Apple responds to the EU and Spotify — Jason Michael Perry

Apple’s pissed. The closest thing I can remember to this is Steve Jobs’ open letter “Thoughts on Music” in 2007 – but this, this is something very different. You can feel and hear the tone of Apple and tell how upset they are about not only the 2 billion euro fine but also their continued battle with regulators in the EU.

At the heart of their argument is that Apple provided the hardware, software, and services that helped companies like Spotify become what they are. Yet, Spotify does not pay Apple for the use of most of the services they use to deliver a product on their platform. It’s true and really leans into the larger question of how much Apple or any company can squeeze value from their platform.

I know it’s a different business, but lately, I’ve come to think of the App Store as similar to credit cards. Credit card companies charge a fee, ironically named a discount, to retailers per transaction. Still, to most customers, the privileges of using a card are not only free but sometimes rewarded with discounts, points, or other benefits. Similarly, developers pay Apple to be in the App Store and pay fees on their sales, which Apple uses to provide its customers with a growing set of subsidized services like free operating system upgrades to the latest version of the iPhone.
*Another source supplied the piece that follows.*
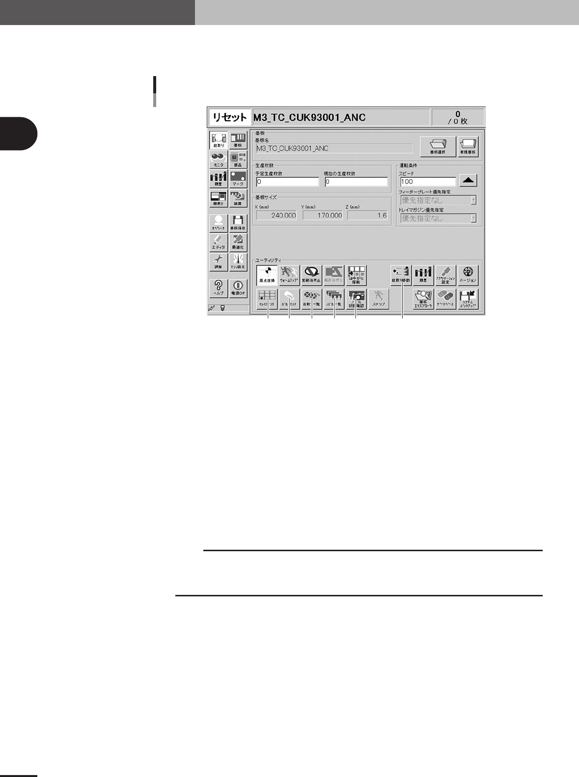 2- 18 基 本 的 な 操 作 に つ い て 2 4. 生産開始と終了 3 他の段取り項目を確認します。 「段取り」画面に戻り、以下のボタンを押して必要な確認や設定をしてください。 4321 5 6 「段取り」画面 26201-E5-1C 1 [ ノズル状態確認] ノズル先端の汚れ状態を部品認識用カメラでチェックします。このチェックの結果がエラーに なった場合は、ノズルを清掃をしてください。 2 [ ノズル一覧] 各ヘッドに使用す…

For Apple, what’s at stake is how they monetize the App Store and the iPhone, iPad, and other devices to provide other services we as customers see as free – like points on a credit card.

Of course, what makes this tough is that Apple Music competes with Spotify, and for Spotify to pay its competitor a 30% cut of its subscription payments makes it hard to compete directly on price. I think the question is not just about how Apple makes money from the App Store but also how owning the App Store allows it to prop up its other business interests, like Apple TV+ and Apple Music that can compete in the same stores as its competitors but without the cost burden.